March 16, 2009

March Madness
by Pastor George Van Alstine

Even non-sports fans seem to know about March Madness. It’s the name given to one of America’s premier competitions: the National Collegiate Athletic Association Basketball Playoffs. Beginning this Thursday and continuing until the finals on April 7, the top 65 college teams in the Nation will throw everything they have at one another. Only one of them will rise through the ranks by winning six straight games.

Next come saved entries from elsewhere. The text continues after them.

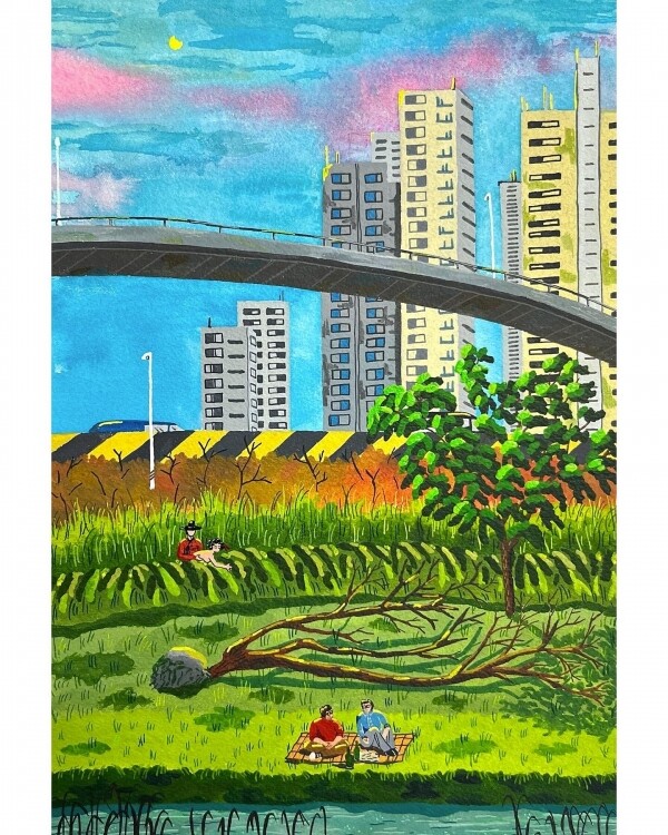 • 정지은 형 무슨 소리 안 들려? 2022 watercolor, acrylic on paper 36.5 × 29cm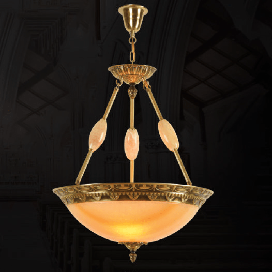 HF - TĐ - 217: Đèn thả đồng chao đá - KT: Ø500mm x H560mm + 450mm - Đèn chân E27 x 3 bóng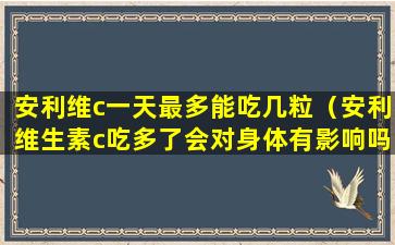 如果你想知道安利的维生素C产品一天最多可以吃几颗,你应该查看产品包装上的说明或者咨询医生或营养师。过量摄入维生素C可能会导致胃肠道不适、腹泻等副作用,因此请严格按照推荐剂量服用。如果有任何疑问,建议咨询专业医疗人员。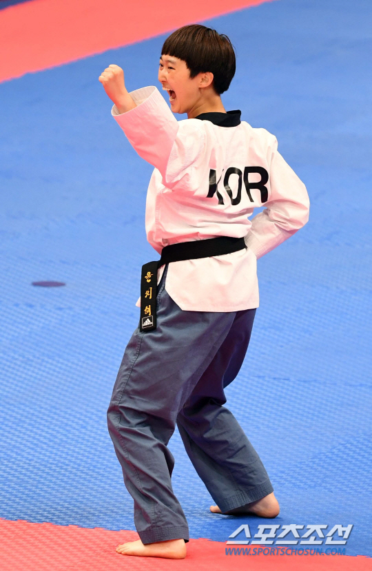 '2018 자카르타-팔렘방 아시안게임' 태권도 품새에 출전한 한국 윤지혜가 19일 인도네시아 자카르타 컨벤션 센터에서 열린 준결승 경기에서 경연을 펼치고 있다.

This event produces a kind of “madness” in some men, who suffer from arrested adolescence (like me). Their attempts to project the winners of every game in every bracket has led to a pseudo-science called “bracketology.” Betting on these projections ranges from office pools to serious big-bucks gambling. Some married couples arrange for a temporary separation until it’s all over. Psychiatrists who see some of these men in April can verify that serious post-finals depression is not uncommon.

The phrase March Madness has been around a lot longer than basketball. Medieval Brittons were fascinated by the bizarre behavior of the native rabbits (hares) during the mating season, which began in February and was in full-bloom through March. Critters which were characteristically docile and fearful now attacked each other with flailing front legs. Sometimes one of them would jump straight up in the air a few feet, then land awkwardly.

This rodent behavior led to a phrase used to describe a particularly irrational or eccentric person: “He’s mad as a March hare!” In English literature, this graphic description is first found in Geoffrey Chaucer’s epic poem “The Canterbury Tales,” written about 1390 AD. Judging by the off-hand way he refers to it, the simile must have been used even earlier in the speech of common people.

Lewis Carroll’s Alice in Wonderland, written in 1865 AD, depicted a tea party where the Mad Hatter was joined by his friend the March Hare. The two of them demonstrated how mad supposedly rational beings can be.

In order to have a better understanding of March Madness (the basketball kind), let’s look a little more closely at its parallel with March Hare behavior. Here’s what they have in common: both are tied to an overload of hormones. You can’t miss the fact that this guy whose eyes are glued to his TV set, clutching his bracket selections in his hand, is diverting testosterone energy that should be invested in his marriage. That’s the way his wife sees it. March Hare antics are also stimulated by the hormonal increase that comes during that season. Evidently, their behavior attracts the girl-bunnies, because they sure do reproduce! (Maybe American men’s March Madness can be seen as a very effective contraceptive strategy.)

In both cases, the “mad” behavior results in wildly irrational choices. Temporarily, the man or hare, is not being controled by his brains, his better judgments and his higher values. Hares can be more easily shot by hunters during March, and fragile human marriages are also especially vulnerable to attack.

Okay, we’ll give you guys March. Will you preserve some of your energy and intensity for an April renewal in your commitment to the Lord’s work? Right after the finals on April 7 will come Good Friday (April 10) and Easter (April 12). This would be a great time to turn your attention more fully on the Lord, what he’s done for you, what he wants you to do for him.

I wonder what ABC would be like if some of us became “mad” for Jesus!